Posted October 10th, 2011 at 5:10 pm (UTC-5)
Leave a comment

Belgium is buying a subsidiary of the financially troubled Dexia bank, the first European bank heading toward possible collapse because of the regional debt crisis.

The government says it is paying $5.4 billion for Dexia's Belgian subsidiary. Members of Qatar's royal family already have said they will pay $1.4 billion to buy the bank's Luxembourg division. Dexia's board is negotiating the sale of its French local public finance unit to two French state-owned financial institutions.

The French, Luxembourg and Belgian governments also say they will provide an additional $121 billion in funding guarantees for the bank for up to 10 years.

The three governments stepped in to sell off the healthy parts of the troubled bank, which was severely hurt by holding too much debt from Greece, Italy and some local U.S. governments. Other banks increasingly were reluctant to lend money to Dexia, worried that it would collapse and they would not be repaid.

Belgian officials say the infusion of cash and loan guarantees that customer deposits at Dexia are secure.

Greece said Monday it has concluded talks with international creditors who have been reviewing the country's austerity budget measures. Greece needs their approval to get an $11 billion payment from its $159 billion bailout from last year. Greek Finance Minister Evangelos Venizelos said he expects to get the $11 billion before the country runs out of cash next month, so that it can avoid a default.

U.S. Vice President Joe Biden will travel to Greece in December to continue what the White House calls its close dialogue and cooperation with the Greek government. Mr. Biden also will attend the Global Entrepreneurship Summit in Istanbul, Turkey.

European leaders have been hard-pressed to stay a step ahead of the spreading debt crisis, which has worried investors across the globe.

French President Nicolas Sarkozy and German Chancellor Angela Merkel met in Berlin and promised a “global, lasting and quick response” to Europe's financial problems. They declined to give any details of their plans, which Mrs. Merkel said are still a work in progress. But Mr. Sarkozy said they include adding new funding for banks faced with losses.
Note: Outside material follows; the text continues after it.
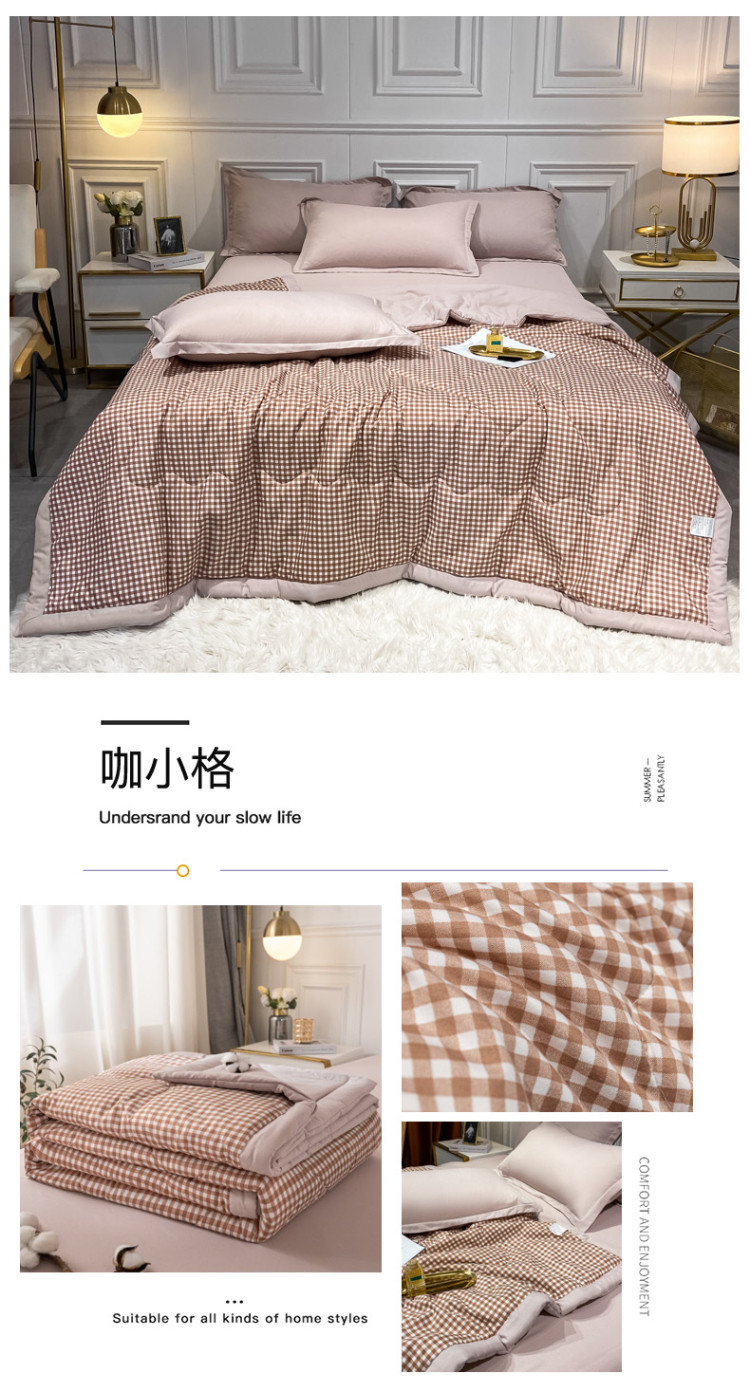 商品名称:U被家纺 2022新款无印格条夏凉被【实拍图】 粉咖格

U.S. President Barack Obama telephoned Mr. Sarkozy and British Prime Minister David Cameron Monday. The White House says all three agreed on the need for decisive action to resolve Europe's debt crisis and assure a global economic recovery.

In Slovakia, lawmakers are struggling to reach agreement on whether to approve expansion of the eurozone's bailout fund to assist countries that need international aid.

Slovak Prime Minister Iveta Radicova threatened to resign if the measure is not approved in a vote set for Tuesday. Opponents say the country is too poor to guarantee a proposed $10 billion share of the proposed $589 billion fund.

All eurozone countries except Malta and Slovakia have approved the expanded fund.